CBT has helped me to recognise that all thoughts and actions have consequences – and that these can be helpful or unhelpful. This was something I was not taught in the way I was brought up, but it is something I am now able to teach my children and share with my colleagues in a healthy way.  Keeping myself grounded, calm and centred is a continual way of being that I now practice in relation to my kids and dealing with matters to do with their schooling. I’m much less judgemental towards others and I’m much more accepting of people – such as my children’s teachers - for who they are and where they are in life. This is a real freedom.  I feel like I’ve really matured and I now don’t feel I have to prove myself  - like having to prove “I am a good mum” or a good practitioner in my work. I’m much more able to sit with myself and not be the centre of attention! I feel I’ve really cracked it!! I now recognise that there’s something so attractive of being self-assured and not needing to be a drama queen! Now I’ve changed, I’m attracting so many good people in my life.”
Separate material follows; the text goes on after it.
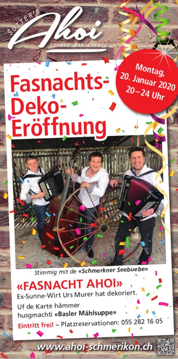 Am Montag 20. Januar 2020 spielen die Schmerkner Seebuebe im Ahoi. Es gilt die Fasnachts-Deko einzuweihen. Dieses Jahr hat Urs Murer, ehemaliger Gastgeber in der Sonne, die Deko-Arbeit übernommen.

By applying the awesome wisdom for life that Eleanor has helped me internalize, my relationships with family members and work colleagues have significantly improved. This is because I have changed. I am happier in myself and am more positive than I have ever been and when they see that, they match it. This has created more harmony between myself and others. I now appreciate me for who I am and others for who they are, rather than comparing and judging, which is very stressful! This is the first time in my life I have felt like this.”

As a result of my work with Eleanor, my relationships with my son and his wife have improved, as I’m much calmer and relaxed about their baby. I now totally accept my son for who he is and that he is his own person and has his own thought processes. I now feel happy about the way I brought him up and feel strong love and care about him, but not a need to control or over-worry about him. Also with my granddaughter, I feel a natural love and not a need to interfere. The rewards I have got from that are unbelievable – we all get on so well. I now feel people can see the real me. If I hadn’t done CBT I’d still be really controlling and obsessive. I have now developed a much softer, more gentle side. I think I’m not so argumentative with my mother as well – we’ve always been close, but I feel like we have much more in common and I don’t feel competitive with her. I now understand her love for me so much more, now that I have gone deeper into my love for my son and daughter in law and granddaughter. It’s so nice that we all get on – I’m so happy! A year ago I wouldn’t have imagined that we would all be like this. I have almost like a friendship relationship with my daughter in law and I feel like I have a daughter as well as a son. The fact that we all get on has also brought great joy to my mum.”